- Zu allem eine Meinung
Der Pianist Igor Levit zeigt sich gerne als Politaktivist und teilt hart aus. Dafür bleibt Beethoven bei ihm bemerkenswert bürgerlich
Wer die Homepage von Igor Levit anklickt, bekommt eine Headline zu sehen. „Citizen. European. Pianist“ steht dort: „Bürger. Europäer. Pianist“ – in dieser Reihenfolge. Was er selbst unter bürgerlichem Engagement versteht, kann man mühelos seinem Twitter-Account entnehmen, wo Levit im Tages-, oft Stundenrhythmus politische Debatten kommentiert. Ob Klimapolitik oder die jüngsten Wahlen in Thüringen, ob Metoo oder Flüchtlingspolitik – Levit hat zu allem eine Meinung, im Zweifelsfall von „extralinks“, wie er sich selbst einmal bezeichnet hat.

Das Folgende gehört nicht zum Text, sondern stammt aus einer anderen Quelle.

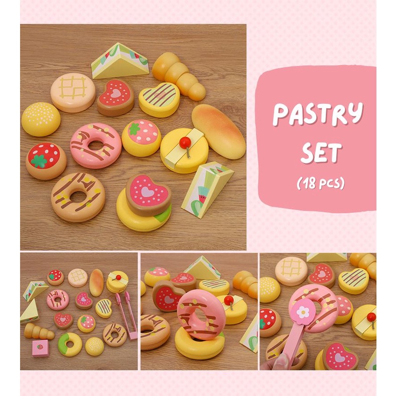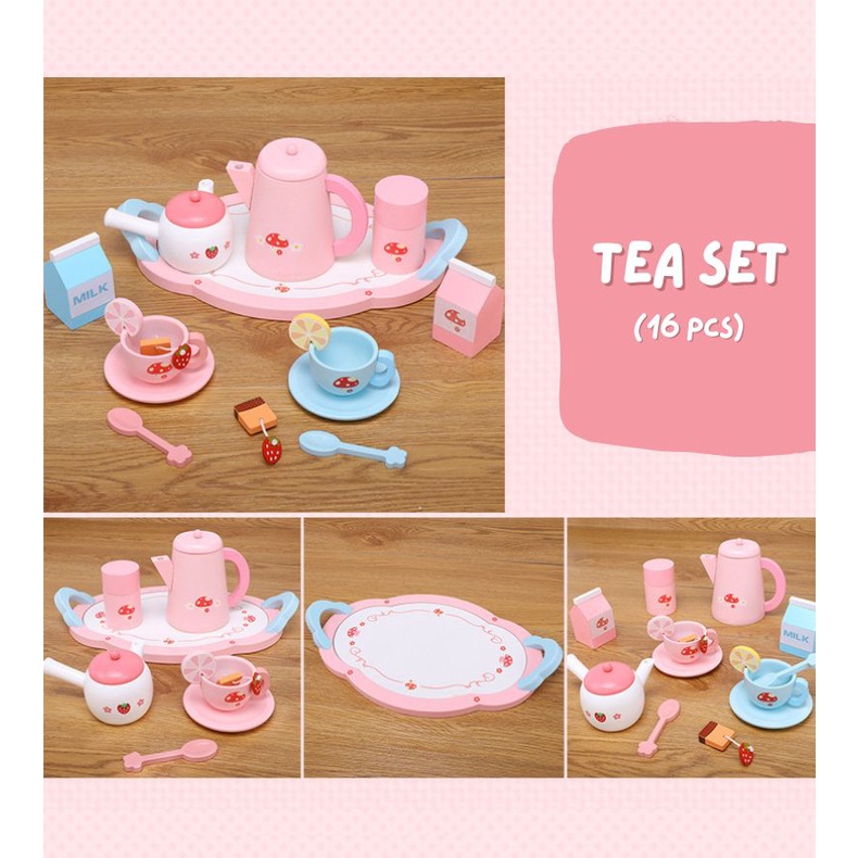 [SG stock] Wooden Tea & Dessert Pastry set | Kids Pretend play toy | Tea party
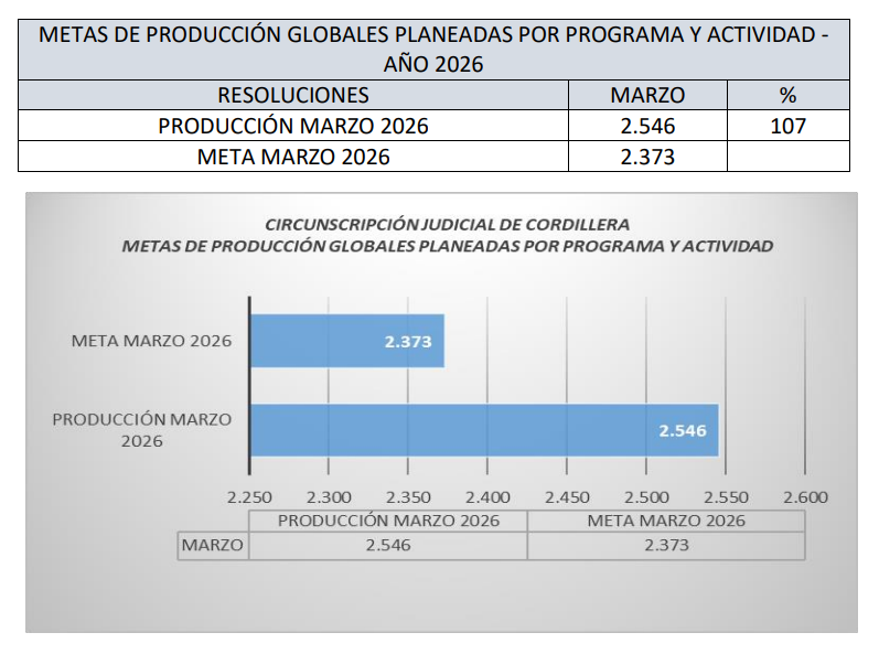 La administradora de la XIII Circunscripción Judicial de Cordillera, Stella Bolaños Valmori, presentó al Consejo de Administración el informe que detalla los resultados de Metas de Producción Global Planeadas por Programa y Actividad – Ejercicio Fiscal 2026, al mes de marzo del corriente año.

Dabei erscheint die Welt bei ihm so klar in Schwarz und Weiß unterteilt wie die Tastatur eines Klaviers. Während er das Buch der Klimaschutzaktivistin Luisa Neubauer empfiehlt und Spitzenpolitiker der Grünen lobt, müssen Politiker des bürgerlichen Spektrums wie Friedrich Merz und Christian Lindner oder Journalisten wie der Bild-Chefredakteur Julian Reichelt jederzeit mit rüden Worten rechnen. Die AfD besteht für ihn „aus Menschen, die ihr Menschsein verwirkt haben“. Die Auseinandersetzungen aus der digitalen Welt setzt er auch mal im Konzertsaal fort, indem er sich mit einem Statement an seine Zuhörer wendet.